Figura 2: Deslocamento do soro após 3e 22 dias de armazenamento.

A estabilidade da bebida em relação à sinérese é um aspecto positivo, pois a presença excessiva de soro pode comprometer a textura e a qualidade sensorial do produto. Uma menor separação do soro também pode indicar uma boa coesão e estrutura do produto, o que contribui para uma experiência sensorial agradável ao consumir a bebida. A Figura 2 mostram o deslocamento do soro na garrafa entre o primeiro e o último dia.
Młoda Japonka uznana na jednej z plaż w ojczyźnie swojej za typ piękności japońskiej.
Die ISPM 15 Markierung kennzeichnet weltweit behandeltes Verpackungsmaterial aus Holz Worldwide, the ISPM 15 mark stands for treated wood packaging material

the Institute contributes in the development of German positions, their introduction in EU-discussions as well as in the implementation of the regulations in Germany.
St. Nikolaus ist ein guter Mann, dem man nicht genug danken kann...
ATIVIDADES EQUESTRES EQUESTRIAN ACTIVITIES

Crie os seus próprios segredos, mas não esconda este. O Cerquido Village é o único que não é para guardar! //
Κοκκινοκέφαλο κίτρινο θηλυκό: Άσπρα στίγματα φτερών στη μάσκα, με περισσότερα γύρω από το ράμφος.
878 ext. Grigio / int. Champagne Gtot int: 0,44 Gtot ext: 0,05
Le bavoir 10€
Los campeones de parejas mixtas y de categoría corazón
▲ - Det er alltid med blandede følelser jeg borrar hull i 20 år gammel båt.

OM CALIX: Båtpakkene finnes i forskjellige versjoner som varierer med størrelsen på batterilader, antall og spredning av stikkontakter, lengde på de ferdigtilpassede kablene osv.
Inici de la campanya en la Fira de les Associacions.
------------
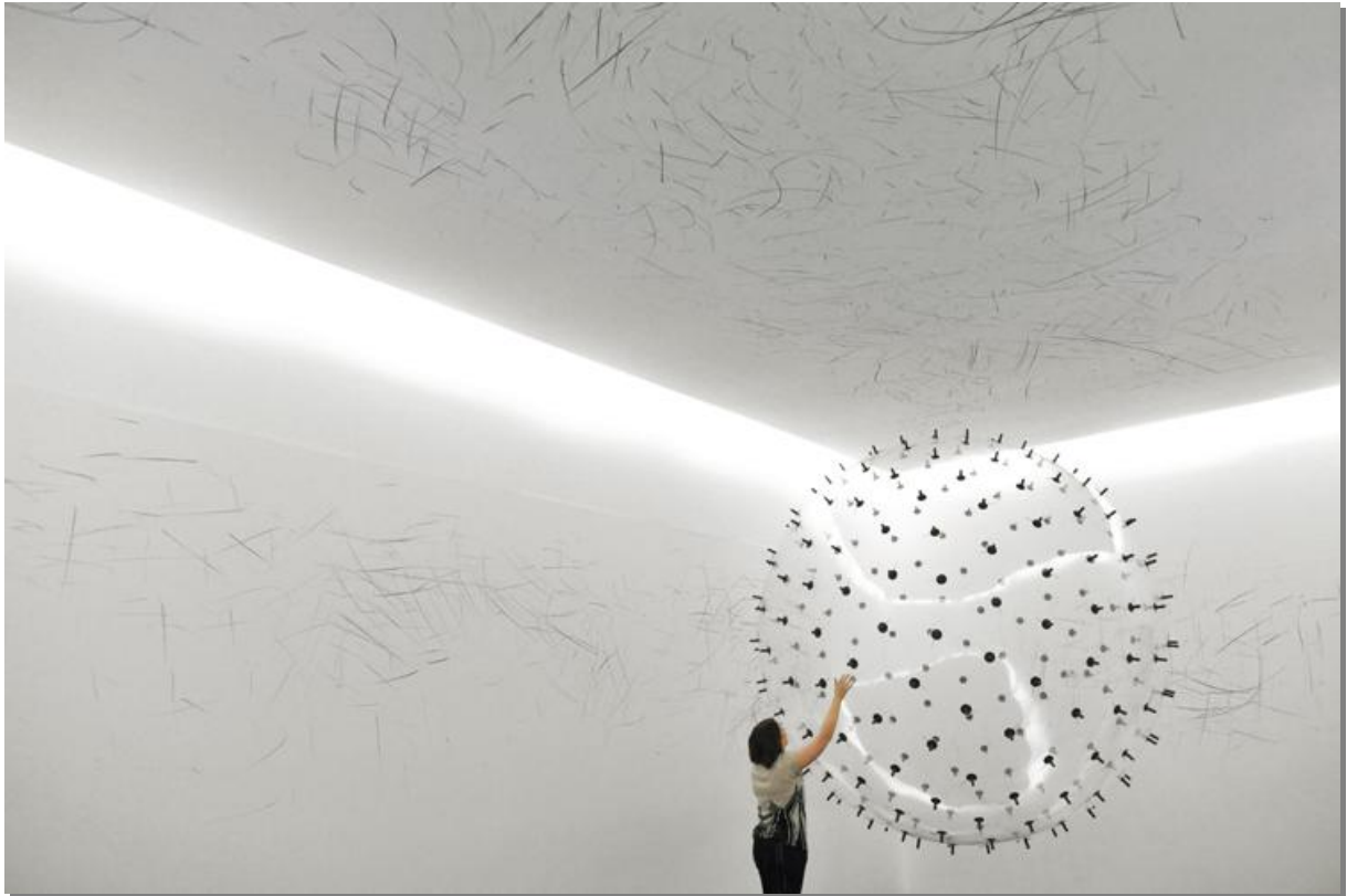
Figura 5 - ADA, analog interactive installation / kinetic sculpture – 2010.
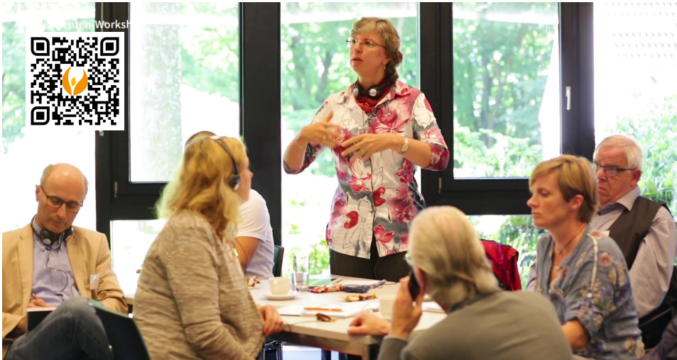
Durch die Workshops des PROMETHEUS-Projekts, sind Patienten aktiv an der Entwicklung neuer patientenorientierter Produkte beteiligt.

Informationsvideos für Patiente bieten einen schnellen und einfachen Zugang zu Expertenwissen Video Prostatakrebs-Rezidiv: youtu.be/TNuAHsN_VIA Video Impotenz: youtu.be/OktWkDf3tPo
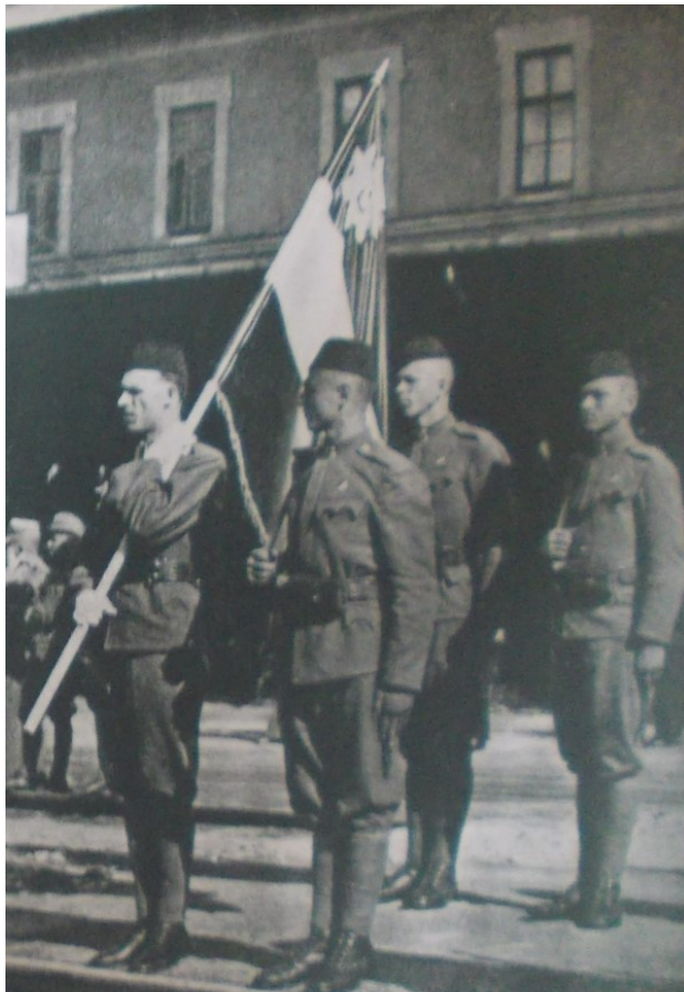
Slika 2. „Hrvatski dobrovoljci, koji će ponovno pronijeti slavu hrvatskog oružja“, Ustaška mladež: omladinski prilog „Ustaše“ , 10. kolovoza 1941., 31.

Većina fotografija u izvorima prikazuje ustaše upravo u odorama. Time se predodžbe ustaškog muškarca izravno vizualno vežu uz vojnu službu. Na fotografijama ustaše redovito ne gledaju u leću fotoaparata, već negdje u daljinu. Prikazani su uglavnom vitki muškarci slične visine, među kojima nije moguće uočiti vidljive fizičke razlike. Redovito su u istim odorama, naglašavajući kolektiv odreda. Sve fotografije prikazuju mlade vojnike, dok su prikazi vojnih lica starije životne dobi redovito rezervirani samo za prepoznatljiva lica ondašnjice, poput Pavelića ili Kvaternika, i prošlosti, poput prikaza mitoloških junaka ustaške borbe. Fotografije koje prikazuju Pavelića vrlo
------------
> Task requirements:
Looking back over the data above, restate word for word the lines that begin at the line with "Durch die Workshops" and end at the line with "Informationsvideos für Patiente", inclusive.

> Answer space:
Durch die Workshops des PROMETHEUS-Projekts, sind Patienten aktiv an der Entwicklung neuer patientenorientierter Produkte beteiligt.

Informationsvideos für Patiente bieten einen schnellen und einfachen Zugang zu Expertenwissen Video Prostatakrebs-Rezidiv: youtu.be/TNuAHsN_VIA Video Impotenz: youtu.be/OktWkDf3tPo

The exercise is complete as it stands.